What to produce: Find the line with "Medical | Ex- Pak |" in the entries below, then output every line from it down to the line with "소음측정기 (Sound Meter)", exactly and with no pictures.
====== Data for this exercise
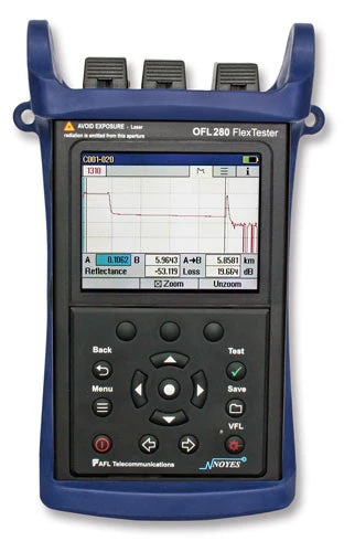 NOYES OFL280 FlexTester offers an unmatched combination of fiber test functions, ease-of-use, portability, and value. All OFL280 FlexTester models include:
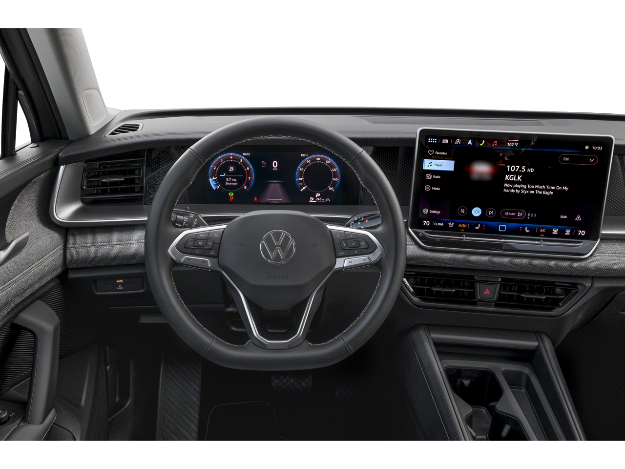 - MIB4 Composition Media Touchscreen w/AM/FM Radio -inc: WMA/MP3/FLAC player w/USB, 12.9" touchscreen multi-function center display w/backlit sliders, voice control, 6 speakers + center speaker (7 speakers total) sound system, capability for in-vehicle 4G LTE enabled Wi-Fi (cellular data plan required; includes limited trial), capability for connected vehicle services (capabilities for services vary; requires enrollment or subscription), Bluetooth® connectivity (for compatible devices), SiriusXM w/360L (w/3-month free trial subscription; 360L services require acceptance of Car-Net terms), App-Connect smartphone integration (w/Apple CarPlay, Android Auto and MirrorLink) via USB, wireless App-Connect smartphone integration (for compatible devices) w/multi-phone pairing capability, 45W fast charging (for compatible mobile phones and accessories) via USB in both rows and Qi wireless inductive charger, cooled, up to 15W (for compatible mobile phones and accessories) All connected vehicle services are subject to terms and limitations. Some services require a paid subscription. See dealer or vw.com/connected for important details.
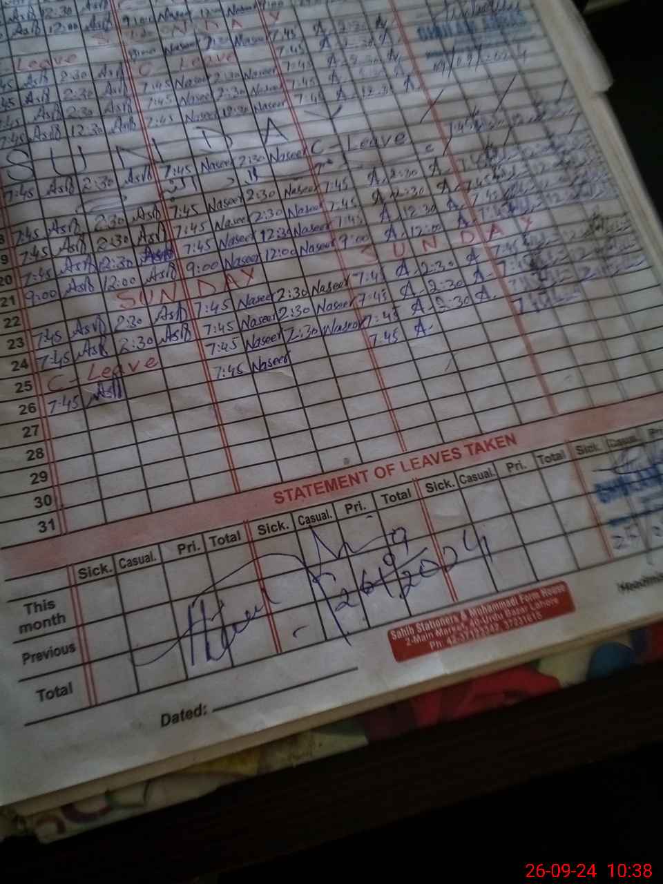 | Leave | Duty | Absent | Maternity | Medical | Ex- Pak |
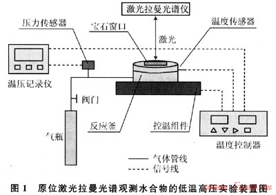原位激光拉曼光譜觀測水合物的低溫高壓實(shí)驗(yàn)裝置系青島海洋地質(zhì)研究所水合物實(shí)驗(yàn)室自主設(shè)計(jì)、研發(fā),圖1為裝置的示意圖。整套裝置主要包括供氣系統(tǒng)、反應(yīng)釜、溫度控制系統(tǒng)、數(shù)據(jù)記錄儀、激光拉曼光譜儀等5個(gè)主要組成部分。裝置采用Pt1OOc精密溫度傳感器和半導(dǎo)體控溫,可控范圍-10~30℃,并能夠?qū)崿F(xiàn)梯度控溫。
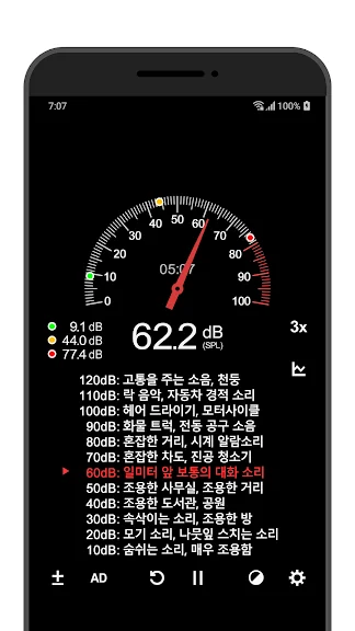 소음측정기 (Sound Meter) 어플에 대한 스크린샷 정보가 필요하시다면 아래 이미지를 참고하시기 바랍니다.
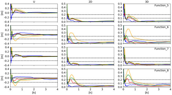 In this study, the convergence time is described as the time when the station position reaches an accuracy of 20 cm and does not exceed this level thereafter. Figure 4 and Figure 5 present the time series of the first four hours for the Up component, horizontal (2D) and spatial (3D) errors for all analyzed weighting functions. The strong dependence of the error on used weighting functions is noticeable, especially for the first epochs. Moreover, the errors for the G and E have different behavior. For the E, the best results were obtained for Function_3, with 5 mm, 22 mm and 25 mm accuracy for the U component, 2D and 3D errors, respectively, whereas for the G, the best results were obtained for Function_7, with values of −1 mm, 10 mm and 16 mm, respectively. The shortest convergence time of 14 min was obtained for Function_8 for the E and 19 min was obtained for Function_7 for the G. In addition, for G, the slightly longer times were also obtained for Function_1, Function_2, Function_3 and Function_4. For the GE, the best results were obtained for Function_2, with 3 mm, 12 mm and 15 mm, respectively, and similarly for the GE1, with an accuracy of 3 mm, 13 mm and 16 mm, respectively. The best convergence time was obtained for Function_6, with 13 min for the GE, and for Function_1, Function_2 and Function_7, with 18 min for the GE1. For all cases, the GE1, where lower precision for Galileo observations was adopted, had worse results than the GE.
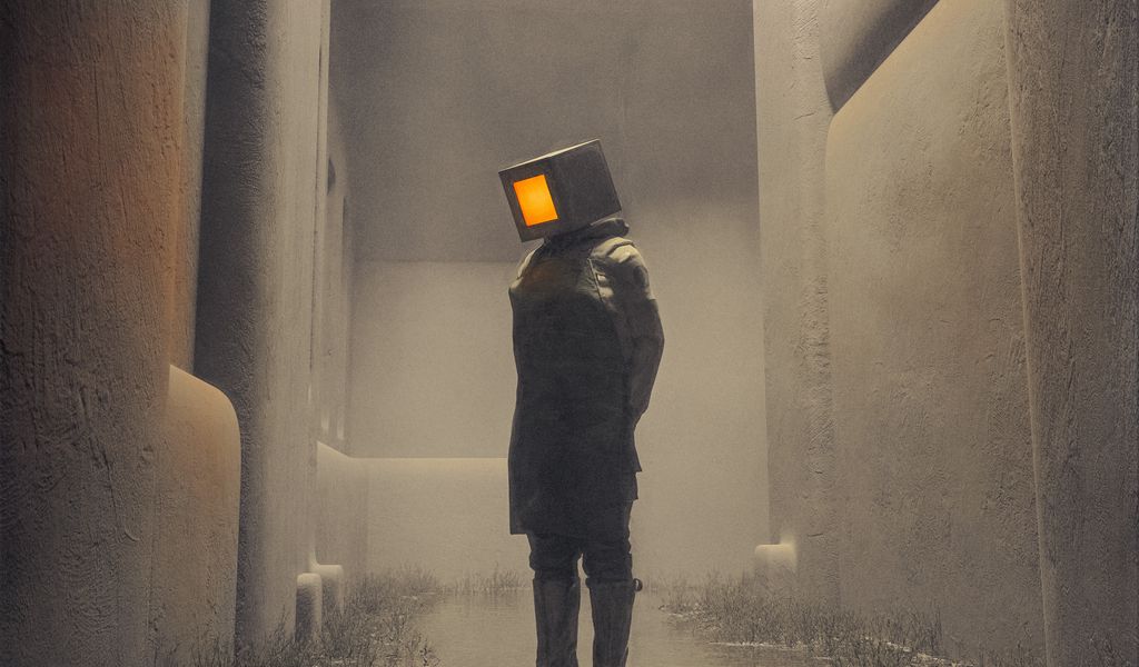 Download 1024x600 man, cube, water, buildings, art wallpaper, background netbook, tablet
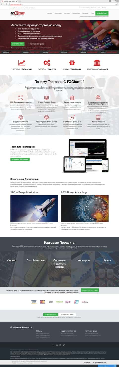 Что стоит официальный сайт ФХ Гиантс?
============
====== Data for this exercise
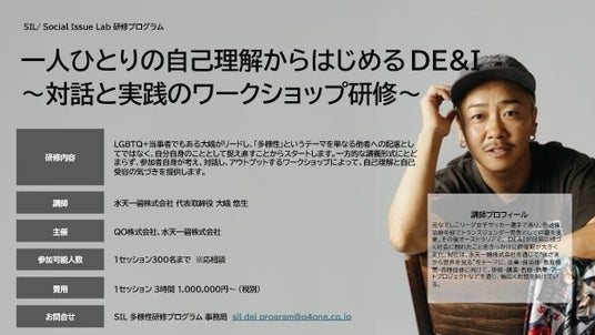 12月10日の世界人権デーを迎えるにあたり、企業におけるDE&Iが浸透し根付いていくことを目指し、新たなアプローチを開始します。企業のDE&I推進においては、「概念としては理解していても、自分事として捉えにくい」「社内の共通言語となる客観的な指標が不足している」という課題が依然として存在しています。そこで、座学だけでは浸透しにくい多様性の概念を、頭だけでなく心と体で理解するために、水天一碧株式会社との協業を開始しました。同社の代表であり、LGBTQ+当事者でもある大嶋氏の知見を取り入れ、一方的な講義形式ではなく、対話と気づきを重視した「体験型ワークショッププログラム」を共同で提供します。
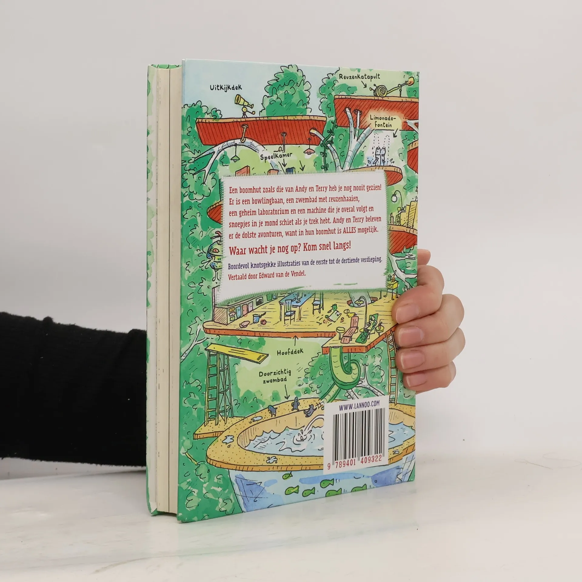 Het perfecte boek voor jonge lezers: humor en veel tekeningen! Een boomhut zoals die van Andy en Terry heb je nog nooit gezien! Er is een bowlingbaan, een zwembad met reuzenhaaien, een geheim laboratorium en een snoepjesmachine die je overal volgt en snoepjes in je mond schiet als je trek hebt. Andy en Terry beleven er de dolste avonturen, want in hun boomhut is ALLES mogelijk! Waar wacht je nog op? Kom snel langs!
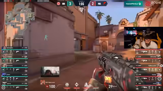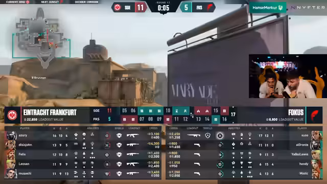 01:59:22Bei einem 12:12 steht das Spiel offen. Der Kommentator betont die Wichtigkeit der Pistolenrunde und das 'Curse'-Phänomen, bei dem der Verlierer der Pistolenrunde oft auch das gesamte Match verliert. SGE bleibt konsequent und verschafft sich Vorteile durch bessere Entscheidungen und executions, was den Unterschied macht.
============
Answer:
 | Leave | Duty | Absent | Maternity | Medical | Ex- Pak |
原位激光拉曼光譜觀測水合物的低溫高壓實(shí)驗(yàn)裝置系青島海洋地質(zhì)研究所水合物實(shí)驗(yàn)室自主設(shè)計(jì)、研發(fā),圖1為裝置的示意圖。整套裝置主要包括供氣系統(tǒng)、反應(yīng)釜、溫度控制系統(tǒng)、數(shù)據(jù)記錄儀、激光拉曼光譜儀等5個(gè)主要組成部分。裝置采用Pt1OOc精密溫度傳感器和半導(dǎo)體控溫,可控范圍-10~30℃,并能夠?qū)崿F(xiàn)梯度控溫。
 소음측정기 (Sound Meter) 어플에 대한 스크린샷 정보가 필요하시다면 아래 이미지를 참고하시기 바랍니다.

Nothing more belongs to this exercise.